> Work instruction
Set down, exactly and only, everything from the line containing "D.studio韓版寬條紋寬鬆圓領大學T長袖上衣 長袖t恤 女裝" down to the line containing "Philips - Точечный" in the data below; the pictures are not part of the copy.

═══ The data

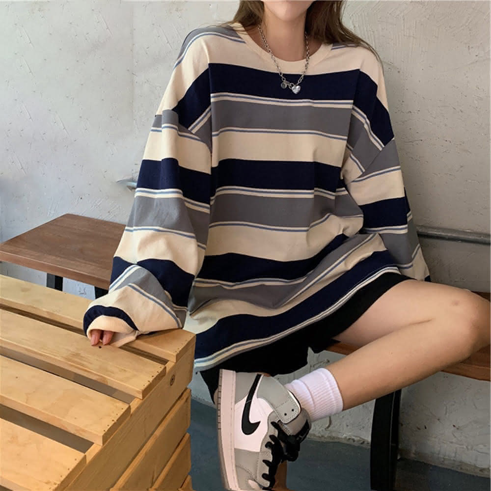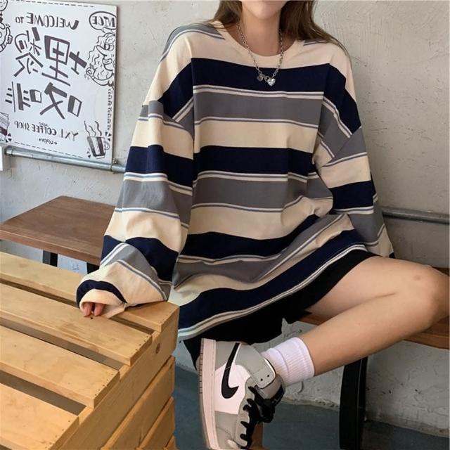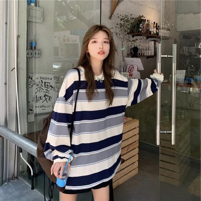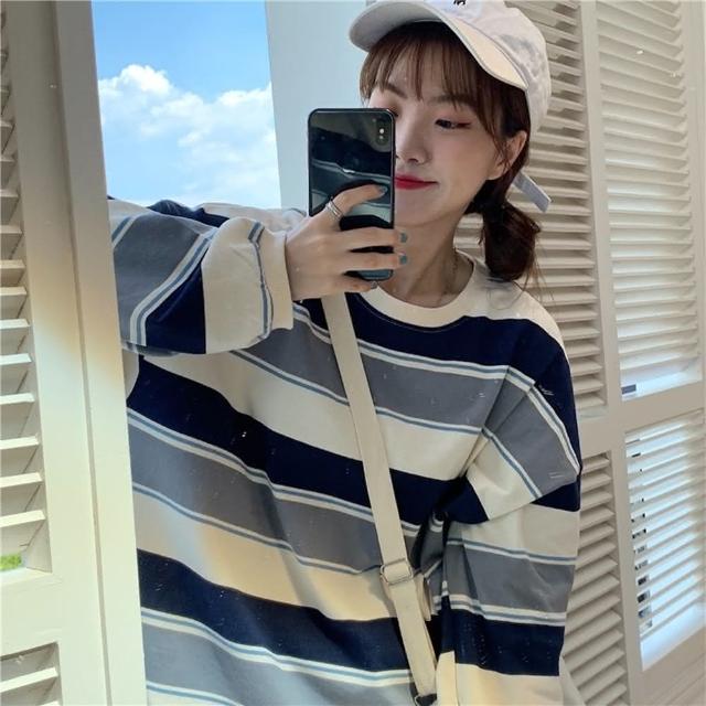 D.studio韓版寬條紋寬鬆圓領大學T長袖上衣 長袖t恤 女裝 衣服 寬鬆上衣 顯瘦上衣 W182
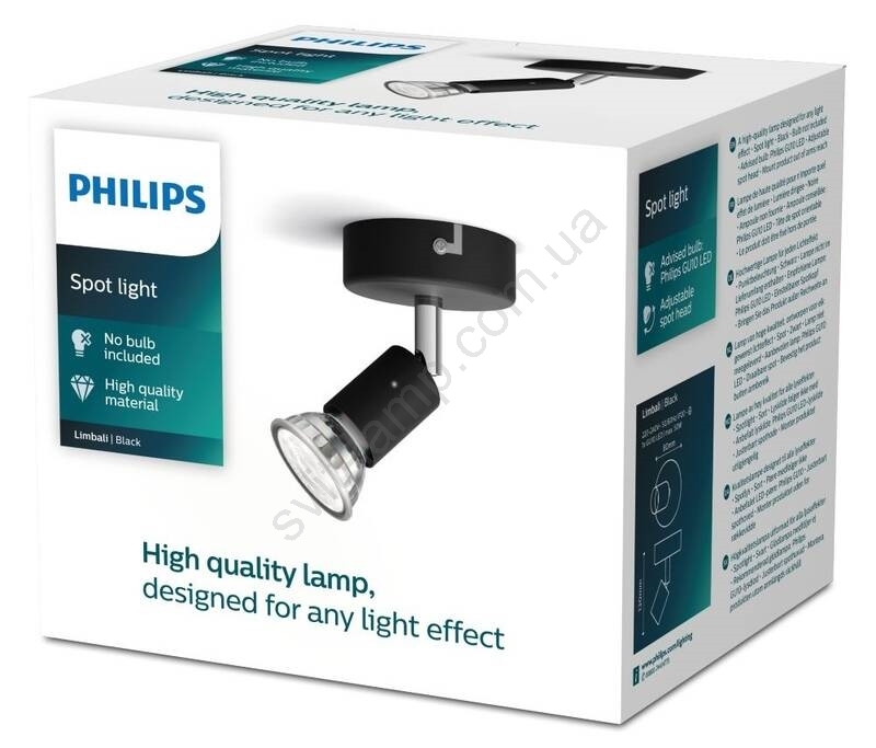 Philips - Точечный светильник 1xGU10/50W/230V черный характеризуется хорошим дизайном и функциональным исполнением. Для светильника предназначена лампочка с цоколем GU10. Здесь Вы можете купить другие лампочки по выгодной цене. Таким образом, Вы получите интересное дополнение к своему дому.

══════
═══ The data

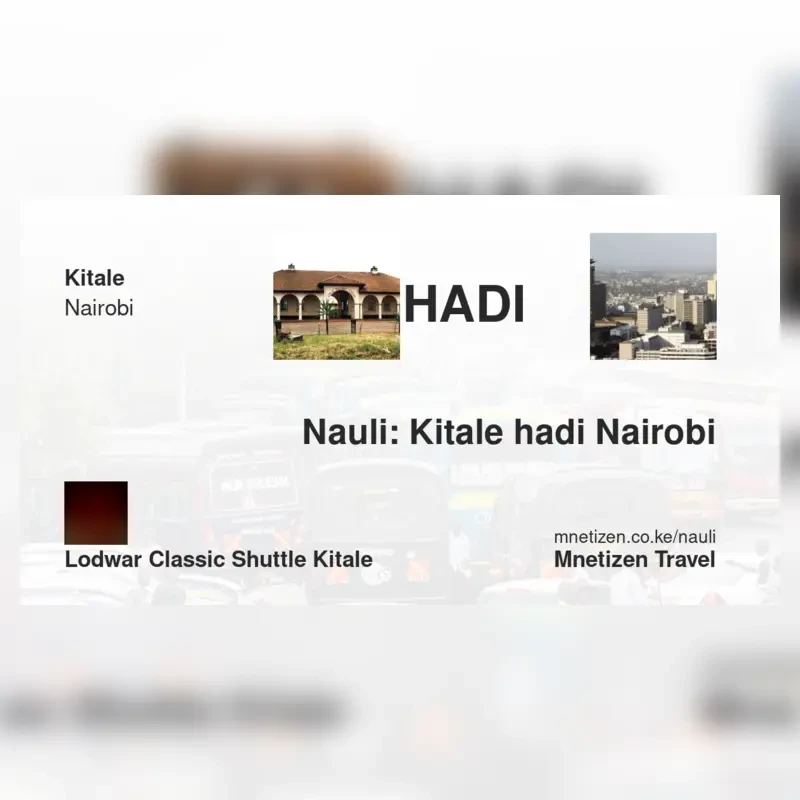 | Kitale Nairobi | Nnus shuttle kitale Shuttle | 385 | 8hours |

══════
═══ The data

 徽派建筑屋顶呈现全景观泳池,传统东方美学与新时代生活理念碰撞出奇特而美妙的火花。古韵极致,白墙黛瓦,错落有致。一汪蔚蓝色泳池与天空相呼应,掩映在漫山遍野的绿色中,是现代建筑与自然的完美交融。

══════

> Response
 D.studio韓版寬條紋寬鬆圓領大學T長袖上衣 長袖t恤 女裝 衣服 寬鬆上衣 顯瘦上衣 W182
 Philips - Точечный светильник 1xGU10/50W/230V черный характеризуется хорошим дизайном и функциональным исполнением. Для светильника предназначена лампочка с цоколем GU10. Здесь Вы можете купить другие лампочки по выгодной цене. Таким образом, Вы получите интересное дополнение к своему дому.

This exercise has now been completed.